Hi Guys, Just got thru a weekend of milling this black walnut tree. It was a magnificent tree unfortunately it fell over in a recent hurricane. It was ~160years old with a 50 inch diameter at 14 feet. I cut it into a 12’,10’, 10’ and an 8footer. The rest into a few 6 footers. Was able to get 12 planks out of the base log at 3 inch thick. The center cuts took about 15 minutes each with the 3120 and took just under a tank of gas each. Cut like a dream, not a defect in it. I then cut up the second log and got 8 planks so far at 3”, still no defects just beautiful grain.
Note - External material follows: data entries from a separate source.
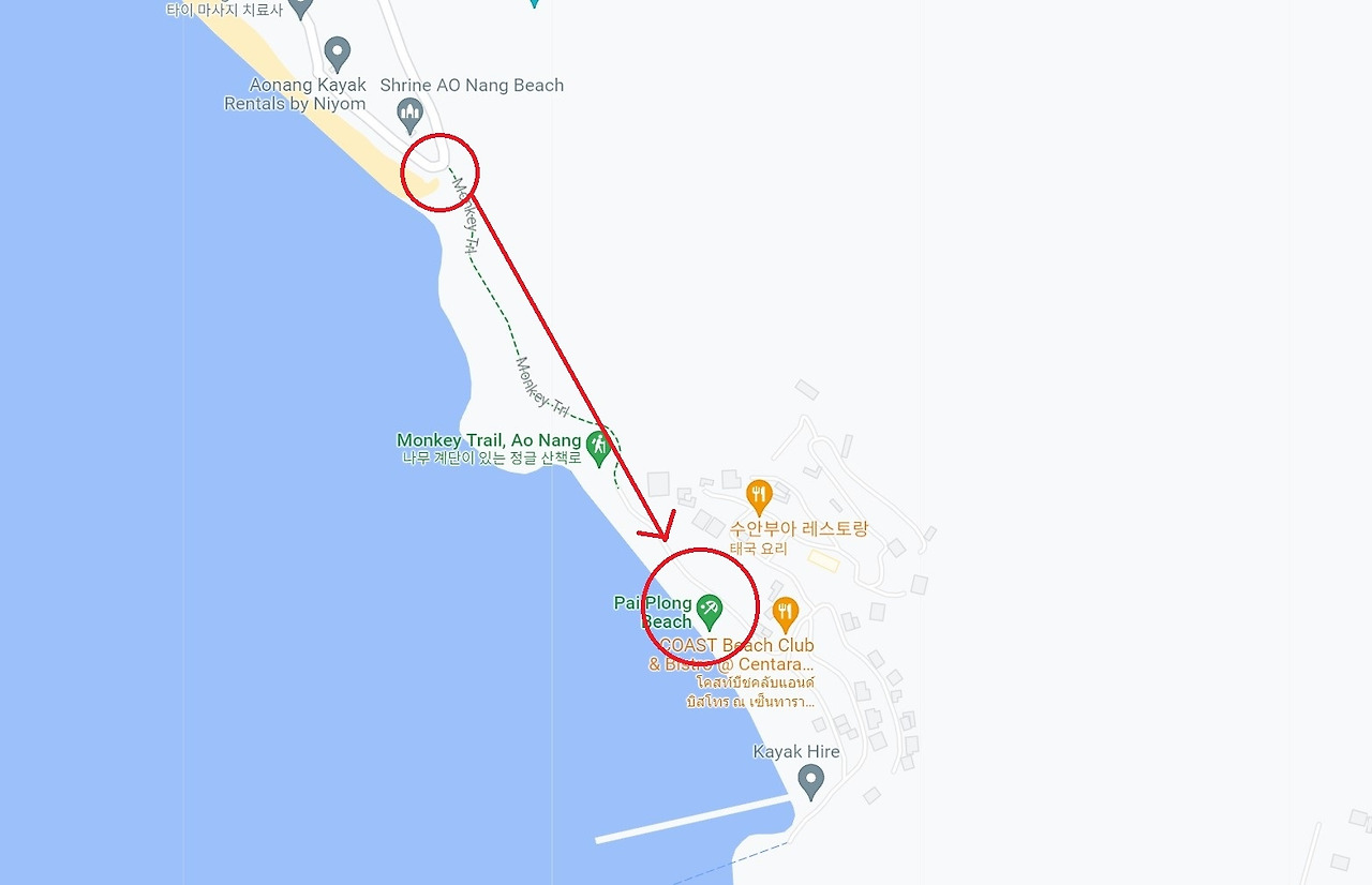경사가 제법 있어 조금 힘들기는 해도 충분히 갈 수 있는 길이다. 한참을 올라가니, 아오낭 해변 전체가 보인다. 몽키트레일이라고 해서 도중에 원숭이라도 만날까 기대했지만 그저 새소리만 울려퍼질 뿐이었다. 어느덧 정상을 지나 고급 리조트가 즐비한 Pai Plong Beach에 도착하였다. 해변을 목적없이 걷다보니, 게 한마리가 보인다. 참 귀엽다. 정글속에 숨어 있는 듯한 리조트와 해변의 조화가 참 잘 어울렸다.
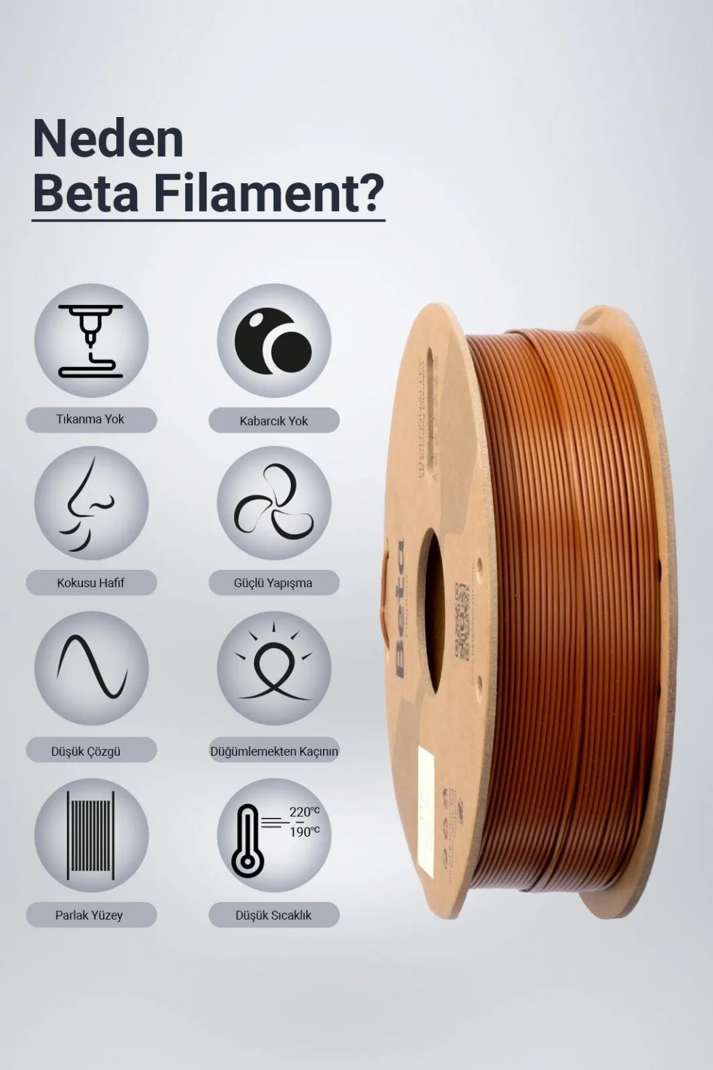 Beta PLA+, yüksek yoğunlukta pigmentler kullanılarak üretilmiştir. Bu da parlak, homojen ve doğru renk geçişlerine sahip modeller elde etmenizi sağlar. Kahverengi tonu, hem profesyonel hem sanatsal projelerde zarif bir görünüm sunar.
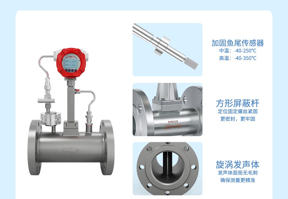 產(chǎn)品描述:LUGB-SIN-A渦街流量?jī)x表廣泛用于供熱公司、熱力公司、化工行業(yè)等行業(yè),對(duì)過(guò)熱蒸汽、飽和蒸汽、壓縮空氣和一般氣體、水和液體的計(jì)量和控制。加厚本體,可有效避免現(xiàn)場(chǎng)管道振動(dòng)帶來(lái)的數(shù)據(jù)波動(dòng)和誤差。多用于高溫場(chǎng)合,例如過(guò)熱蒸汽等工況。
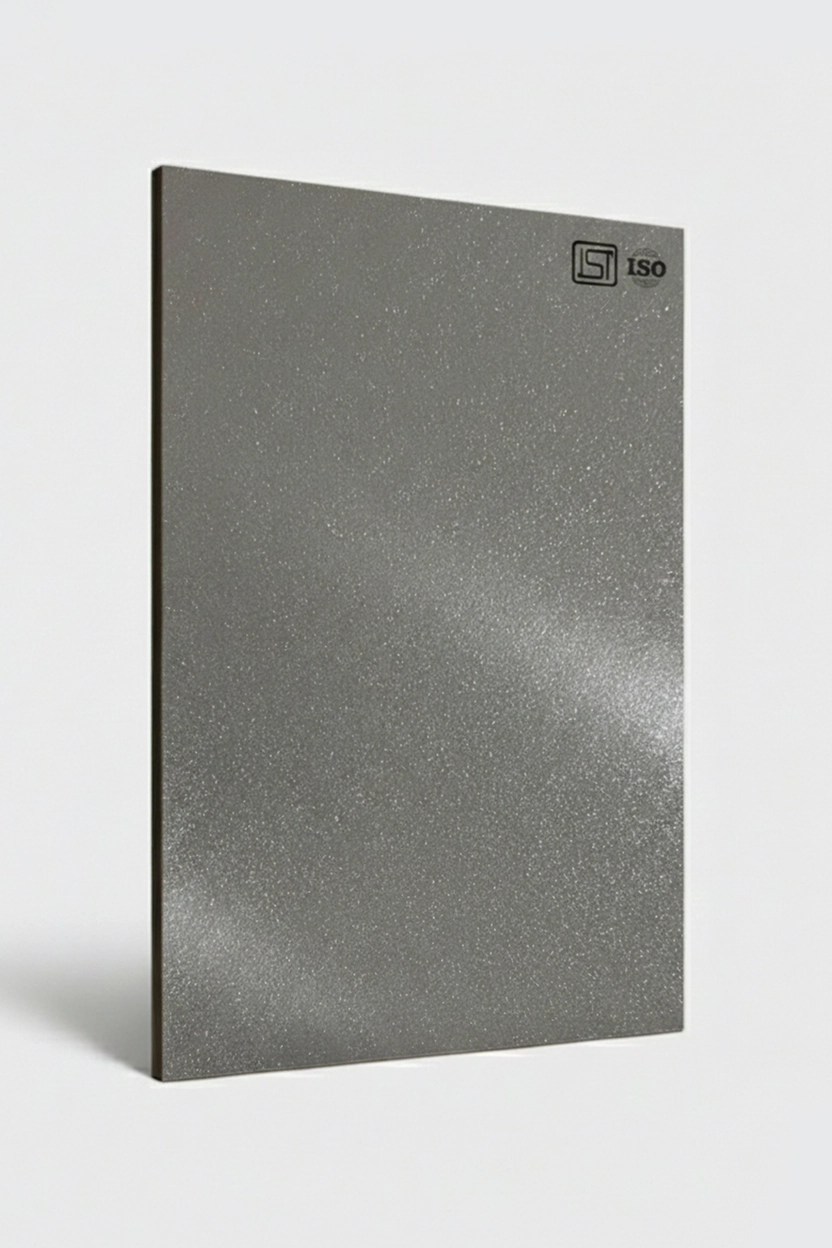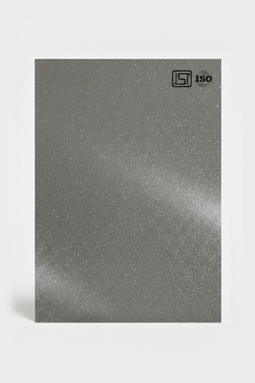 Elegant grey colored decorative laminate featuring shimmer texture in a high-gloss finish, perfect for modern interiors.
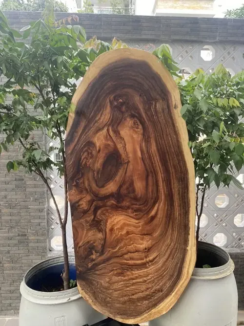 Bàn Tròn Nguyên Tấm Gỗ Me Tây Kiểu Tự Nhiên từ cây gỗ me tây lâu năm. Kiểu dáng độc đáo, vân gỗ đẹp tự nhiên không bao giờ đụng hàng, tạo điểm nhấn cho không gian. Sự hòa quyện giữa phần giác màu vàng và phần lõi màu nâu của gỗ Me Tây tạo nên vẻ đẹp độc đáo và khác lạ.
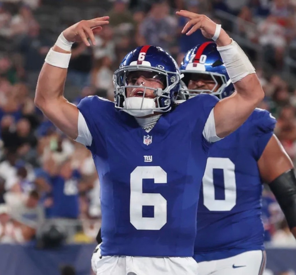 Rookie quarterback Jaxson Dart piloted the New York Giants to a 34-17 NFL victory over the Philadelphia Eagles on Thursday, handing the reigning Super Bowl champions a second straight NFL defeat.

The center boards were fun to move at 500 lbs plus but all in a days work. Milling just does not get better than this, thanks guys for getting me into this and teaching me the tricks of the trade thru this website. This is a great hobby with a very useful end product, Bart


----------



## John D (Nov 15, 2011)

Wow! That's some find....what are you planning to make with the black walnut? 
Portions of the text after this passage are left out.